L’enfant déçu par deux livres

In Pensées pour une saison – Printemps, #89.

Le lien quasi organique entre un livre et sa couverture nourrit des processus mentaux souvent inattendus. Nombre de livres cruciaux dans mon existence ont été lus et relus malgré des couvertures qui me déplaisaient – en passant outre, j’avais appris de cette façon, très jeune, à faire la part des choses.

Le phénomène inverse, moins fréquent, causait une difficulté d’un autre ordre. Deux couvertures de livres avaient ainsi beaucoup plu au petit enfant… mais leur contenu m’avait cruellement déçu. De fait, j’avais éprouvé un véritable sentiment de tromperie sur la marchandise. Le premier avait été La Fortune de Gaspard, de la Comtesse de Ségur, en Nouvelle Bibliothèque rose (no 15, 1959).
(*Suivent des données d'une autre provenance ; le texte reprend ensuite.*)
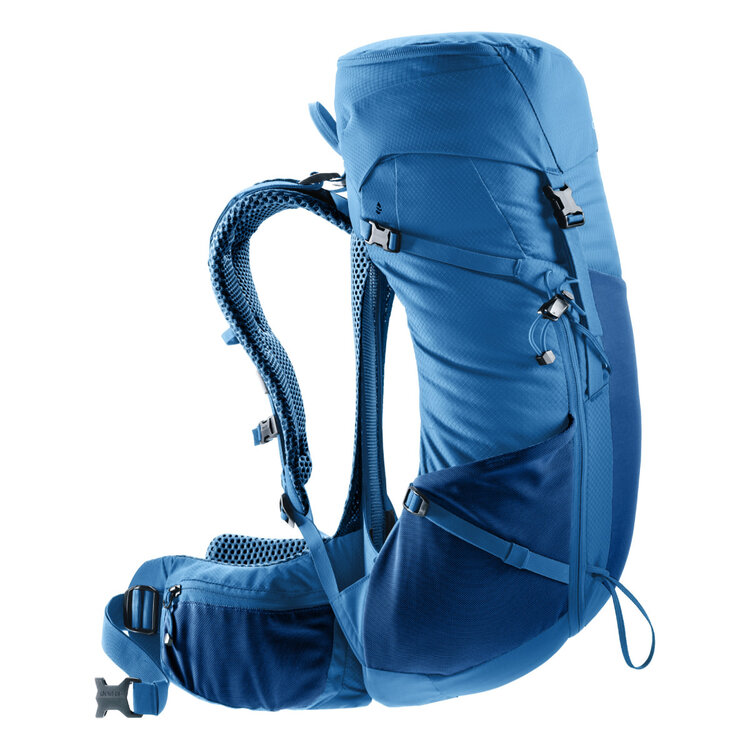 This lightweight hiking backpack benefits from the Aircomfort back system with ActiveFit shoulder straps and hip fins with Pull-Forward adjustment for optimum load transfer, even weight distribution and effective ventilation. With multiple pockets and compartments to stash everything you need for longer day hikes and multi-day hikes, with easy access via a wide front opening, plus pole attachments and gear loops.
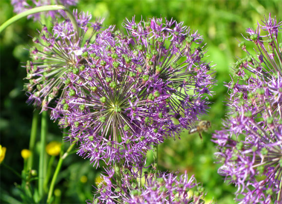 На среднем снимке, чуть справа от центра, видно пчелу с болтающимися на страшной высоте лапками. Экслер разрешил - пошла на посадку.
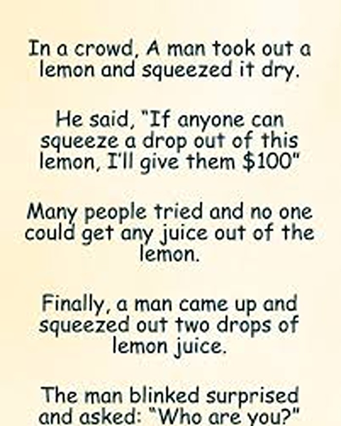He said, “If anyone can get even a drop from this lemon, I’ll give $100.”
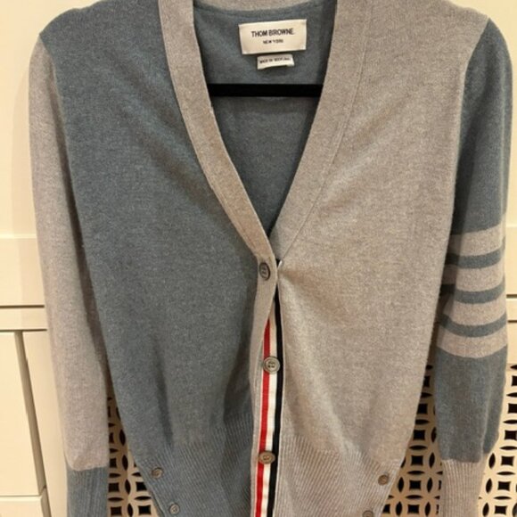 Thom Browne Women's FunMix Gray V-neck cardigan. Lightly worn.
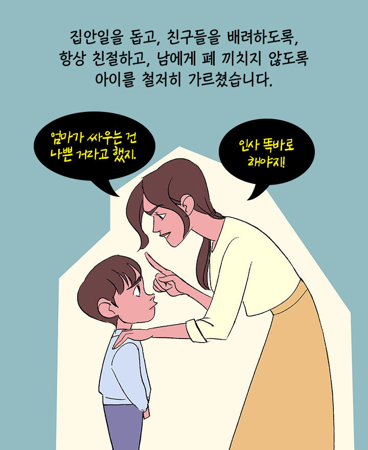 친구들을 배려하도록, 남에게 폐를 끼치지 않도록 가르쳤지만
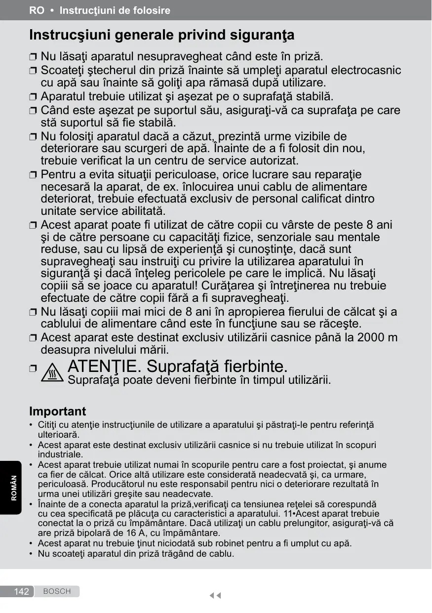 stă suportul să ie stabilă. Nu folosiţi aparatul dacă a căzut, prezintă urme vizibile de deteriorare sau scurgeri de apă. Înainte de a i folosit din nou, trebuie veriicat la un centru de service autorizat. Pentru a evita situaţii periculoase, orice lucrare sau reparaţie necesară la aparat, de ex. înlocuirea unui cablu de alimentare deteriorat, trebuie efectuată exclusiv de personal caliicat dintro unitate service abilitată. Acest aparat poate i utilizat de către copii cu vârste de peste 8 ani şi de către persoane cu capacităţi izice, senzoriale sau mentale reduse, sau cu lipsă de experienţă şi cunoştinţe, dacă sunt supravegheaţi sau instruiţi cu privire la utilizarea aparatului în siguranţă şi dacă înţeleg pericolele pe care le implică. Nu lăsaţi copiii să se joace cu aparatul! Curăţarea şi întreţinerea nu trebuie efectuate de către copii fără a i supravegheaţi. Nu lăsaţi copiii mai mici de 8 ani în apropierea ierului de călcat şi a cablului de alimentare când este în funcţiune sau se răceşte. Acest aparat este destinat exclusiv utilizării casnice până la 2000 m deasupra nivelului mării.
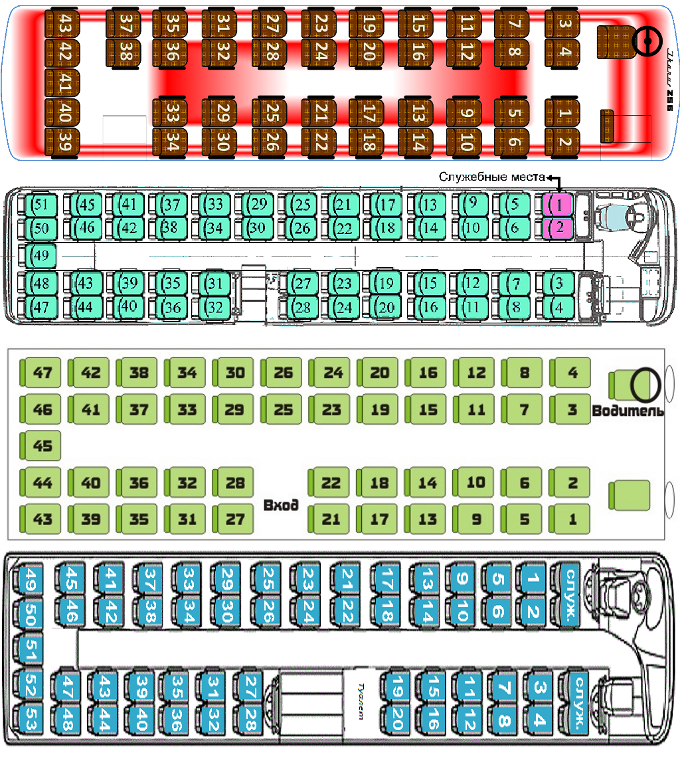 Единого стандарта нумерации мест в автобусах не существует. По результату опроса перевозчиков г. Новосибирска выяснилось, что применяются 6 разных способов нумерации мест в салоне. Даже у одного перевозчика могут быть автобусы с разной системой нумерации. Ниже примеры нумерации, которые мы нашли в интернете и объединили в единый рисунок.
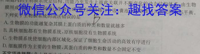12.细胞内的生物膜系统是结构、功能乃至发生上彼此关联并不断变化的动态结构体系,由生物膜围成的各区室之间通过生物合成、蛋白质修饰与分选、囊泡运输等维持其系统的动态平衡。下列关于生物膜系统的说法错误的是BA.生物膜的功能越复杂其膜上蛋白质的种类和数量就越多B.真核细胞都有生物膜系统,原核细胞没有生物膜系统C.生物膜系统使细胞内部区域化,保证了细胞生命活动的高效有序进行D.细胞膜作为主要的生物膜,其蛋白质的种类和数量不会固定不变
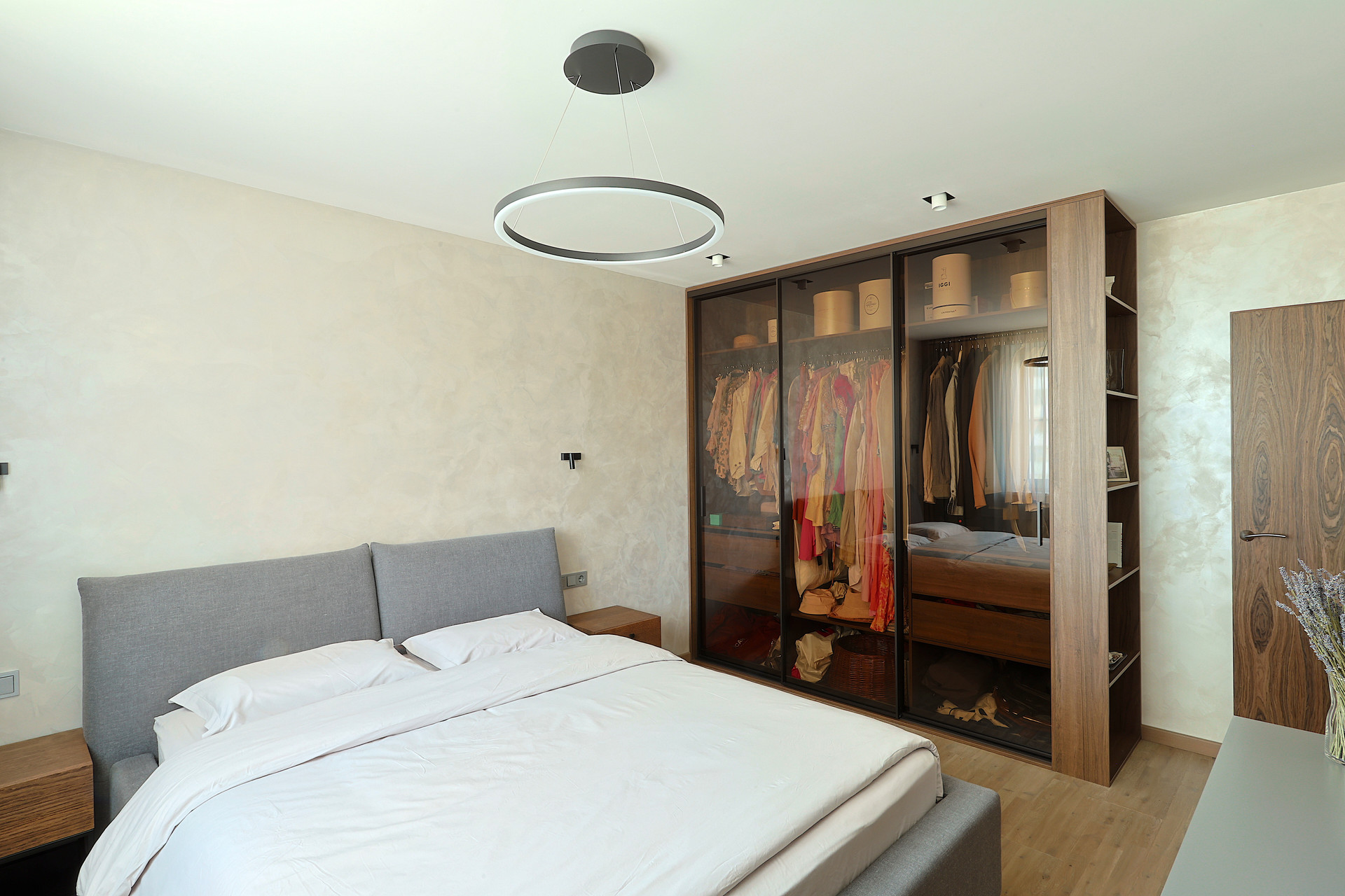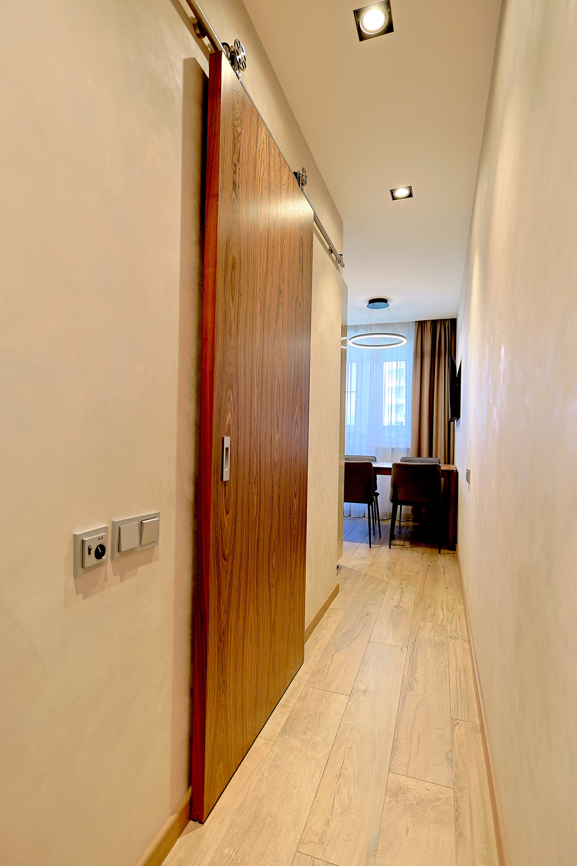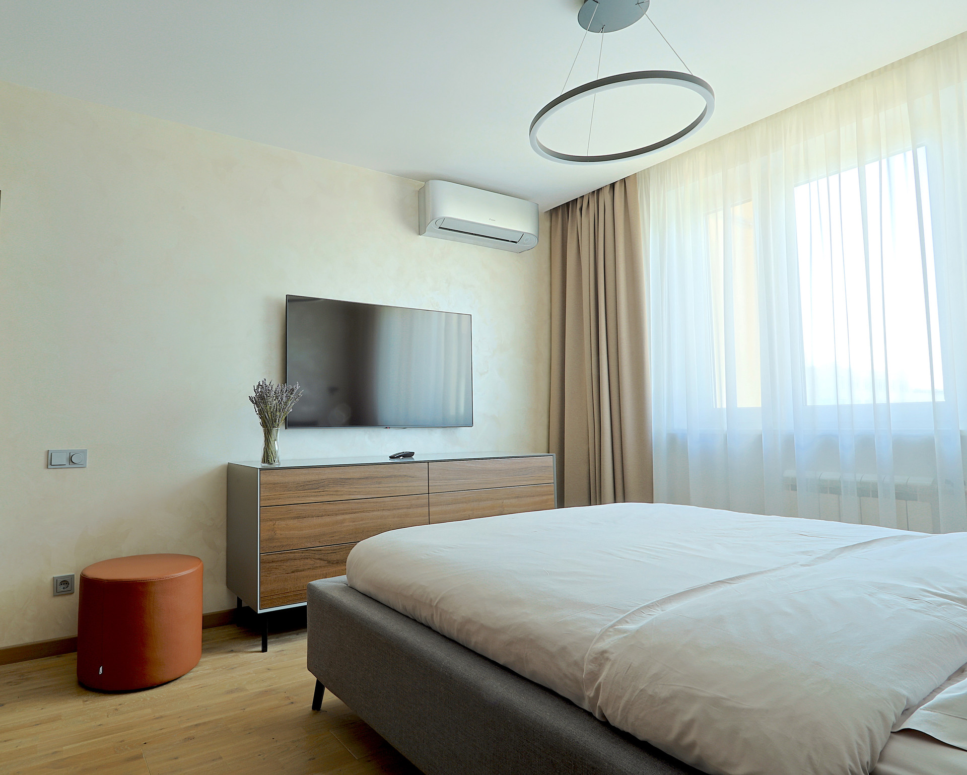 Мебель выполненная на заказ: комод (эмаль + ЛДСП Egger), встроенный шкаф-купе с раздвижной системой Raumplus (Германия). Кондиционер Daikin дизайнерской серии.

Le second, Le Club des cinq et les Papillons, d’Enid Blyton, également en Nouvelle Bibliothèque rose (no 96, 1962).

Dans le premier cas, j’étais resté des mois à rêver devant ce livre quand, au Soudan, je venais en visite chez une de mes tantes, dans l’espoir qu’elle veuille bien me le prêter. L’aquarelle d’André Pécoud faisait naître chez moi un sentiment de rêverie sérieuse et harmonieuse, empreinte de liberté… car le garçon lisait dans un pré, assis en oblique, les jambes élégamment repliées sous lui, tenant délicatement de sa main droite le livre illustré posé sur ses cuisses, s’appuyant de la main gauche contre le sol, un deuxième livre posé tout près, en réserve, sur l’herbe verte. J’imaginais que la fortune de Gaspard était faite de ses livres et de ses rêves. Quelle déception à la lecture : ce n’était qu’une vulgaire histoire d’argent… celle d’un nouveau Rastignac monté à Paris pour y faire fortune !

Dans le second cas, l’illustratrice Jeanne Hives avait peint en couleurs vives de jolis papillons et très bien esquissé des corps en mouvement, créant un sentiment de liberté champêtre en harmonie avec le contenu que le titre évoquait pour moi (je faisais l’impasse sur les filets à papillons). Durant des mois, jusqu’à ce qu’enfin il me fût prêté, je rêvais de grands papillons, comme on pouvait encore en admirer au Soudan, à l’époque. Hélas… Il s’agissait d’une « ferme des Papillons ». Par ailleurs, le récit, à mon goût par trop convenu (même pour l’enfant que j’étais) et au contenu plutôt étique, ne présentait qu’un rapport très ténu avec les papillons. Ce n’était qu’une laborieuse histoire d’espionnage.